# Material provided

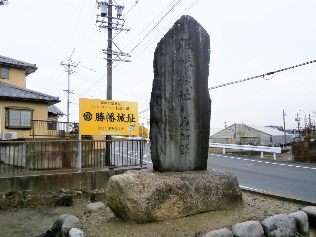 稲沢市平和町城之内に「勝幡城址」の大きな石碑がある。石材は安山岩に分類される硬い根府川(ねぶかわ)石で、大正四年の建立である。
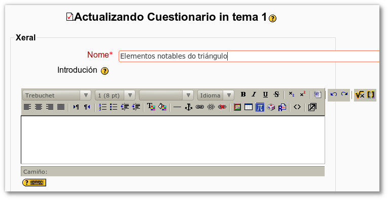 O corpo do cuestionario é o primeiro que ven os estudantes cando acceden á actividade e define como interactuarán con ela. Para crear o corpo dun cuestionario, hai que activar o modo de edición e, a continuación, seleccionar Cuestionario da lista despregable Engadir unha actividade. Isto levaranos ao seu formulario de configuración, onde completaremos os seguintes campos :
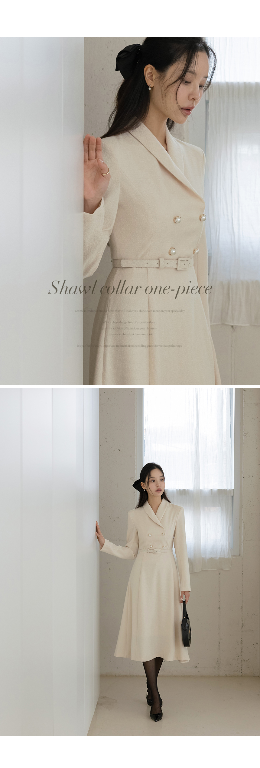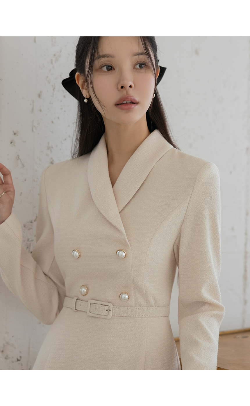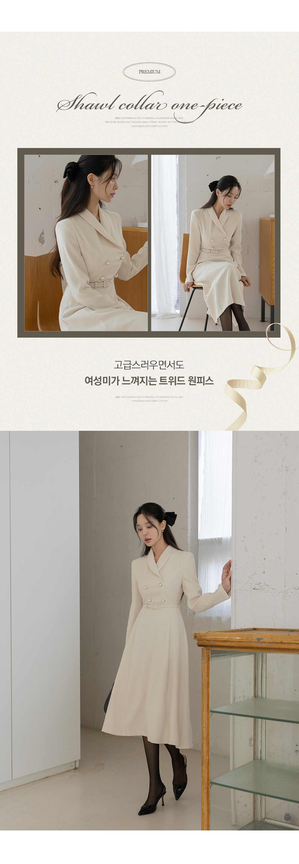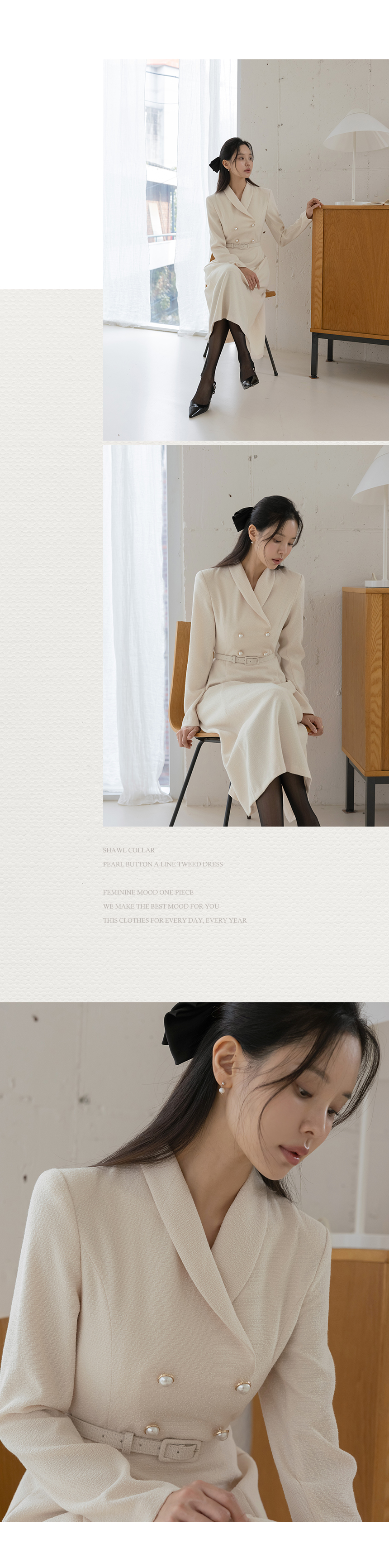 ショールカラー 真珠ボタン Aライン ツイード ワンピース(+ベルト)

# Directions
Return the whole of the material above exactly, with no picture carried over.

# Final answer
 稲沢市平和町城之内に「勝幡城址」の大きな石碑がある。石材は安山岩に分類される硬い根府川(ねぶかわ)石で、大正四年の建立である。
 O corpo do cuestionario é o primeiro que ven os estudantes cando acceden á actividade e define como interactuarán con ela. Para crear o corpo dun cuestionario, hai que activar o modo de edición e, a continuación, seleccionar Cuestionario da lista despregable Engadir unha actividade. Isto levaranos ao seu formulario de configuración, onde completaremos os seguintes campos :
 ショールカラー 真珠ボタン Aライン ツイード ワンピース(+ベルト)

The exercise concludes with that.